# Dataset
....
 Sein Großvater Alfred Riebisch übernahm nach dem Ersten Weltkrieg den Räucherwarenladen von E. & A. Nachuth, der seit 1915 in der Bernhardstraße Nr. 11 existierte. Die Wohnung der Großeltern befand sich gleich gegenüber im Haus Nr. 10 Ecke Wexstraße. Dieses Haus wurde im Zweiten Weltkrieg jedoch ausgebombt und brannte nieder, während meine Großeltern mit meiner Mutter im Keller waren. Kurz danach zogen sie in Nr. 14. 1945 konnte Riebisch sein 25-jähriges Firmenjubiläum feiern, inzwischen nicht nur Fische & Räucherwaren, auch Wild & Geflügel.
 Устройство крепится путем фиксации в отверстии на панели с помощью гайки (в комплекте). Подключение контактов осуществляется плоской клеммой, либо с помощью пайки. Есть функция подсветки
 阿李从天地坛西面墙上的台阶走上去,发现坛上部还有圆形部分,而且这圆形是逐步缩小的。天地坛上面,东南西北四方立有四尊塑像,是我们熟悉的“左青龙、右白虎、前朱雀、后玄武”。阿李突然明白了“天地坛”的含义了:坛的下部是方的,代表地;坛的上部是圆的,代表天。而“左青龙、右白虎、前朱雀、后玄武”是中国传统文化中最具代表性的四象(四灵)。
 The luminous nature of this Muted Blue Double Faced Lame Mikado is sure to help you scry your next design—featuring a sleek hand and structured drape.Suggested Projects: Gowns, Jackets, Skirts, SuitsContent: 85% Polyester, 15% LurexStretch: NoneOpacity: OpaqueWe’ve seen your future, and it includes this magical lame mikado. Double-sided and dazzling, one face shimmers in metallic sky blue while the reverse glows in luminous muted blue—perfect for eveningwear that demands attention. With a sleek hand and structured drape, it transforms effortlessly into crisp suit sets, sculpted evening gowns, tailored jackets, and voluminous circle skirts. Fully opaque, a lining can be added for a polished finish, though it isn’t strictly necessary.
....
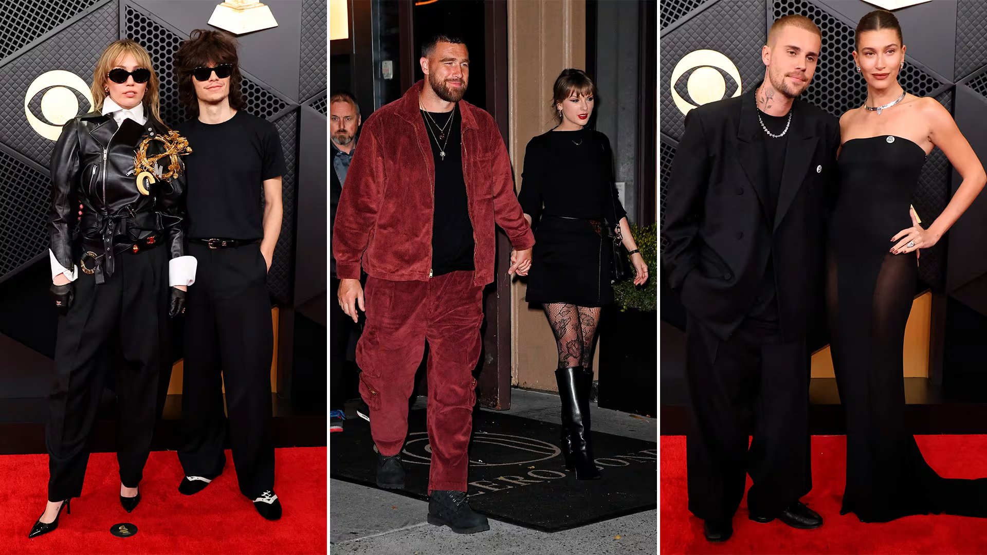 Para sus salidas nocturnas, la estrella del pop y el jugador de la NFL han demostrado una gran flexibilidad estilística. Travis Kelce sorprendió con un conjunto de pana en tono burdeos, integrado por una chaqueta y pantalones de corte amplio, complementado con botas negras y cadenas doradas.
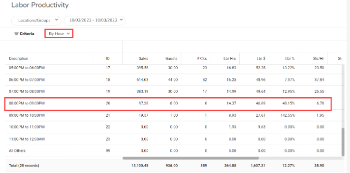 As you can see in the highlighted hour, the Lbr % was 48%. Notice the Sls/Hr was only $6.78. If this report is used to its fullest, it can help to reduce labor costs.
....
# What the task asks
The entries above hold the needed span. Transcribe exactly the lines from the one with "Sein Großvater Alfred" to the one with "The luminous nature", both included.

# Exercise solution
 Sein Großvater Alfred Riebisch übernahm nach dem Ersten Weltkrieg den Räucherwarenladen von E. & A. Nachuth, der seit 1915 in der Bernhardstraße Nr. 11 existierte. Die Wohnung der Großeltern befand sich gleich gegenüber im Haus Nr. 10 Ecke Wexstraße. Dieses Haus wurde im Zweiten Weltkrieg jedoch ausgebombt und brannte nieder, während meine Großeltern mit meiner Mutter im Keller waren. Kurz danach zogen sie in Nr. 14. 1945 konnte Riebisch sein 25-jähriges Firmenjubiläum feiern, inzwischen nicht nur Fische & Räucherwaren, auch Wild & Geflügel.
 Устройство крепится путем фиксации в отверстии на панели с помощью гайки (в комплекте). Подключение контактов осуществляется плоской клеммой, либо с помощью пайки. Есть функция подсветки
 阿李从天地坛西面墙上的台阶走上去,发现坛上部还有圆形部分,而且这圆形是逐步缩小的。天地坛上面,东南西北四方立有四尊塑像,是我们熟悉的“左青龙、右白虎、前朱雀、后玄武”。阿李突然明白了“天地坛”的含义了:坛的下部是方的,代表地;坛的上部是圆的,代表天。而“左青龙、右白虎、前朱雀、后玄武”是中国传统文化中最具代表性的四象(四灵)。
 The luminous nature of this Muted Blue Double Faced Lame Mikado is sure to help you scry your next design—featuring a sleek hand and structured drape.Suggested Projects: Gowns, Jackets, Skirts, SuitsContent: 85% Polyester, 15% LurexStretch: NoneOpacity: OpaqueWe’ve seen your future, and it includes this magical lame mikado. Double-sided and dazzling, one face shimmers in metallic sky blue while the reverse glows in luminous muted blue—perfect for eveningwear that demands attention. With a sleek hand and structured drape, it transforms effortlessly into crisp suit sets, sculpted evening gowns, tailored jackets, and voluminous circle skirts. Fully opaque, a lining can be added for a polished finish, though it isn’t strictly necessary.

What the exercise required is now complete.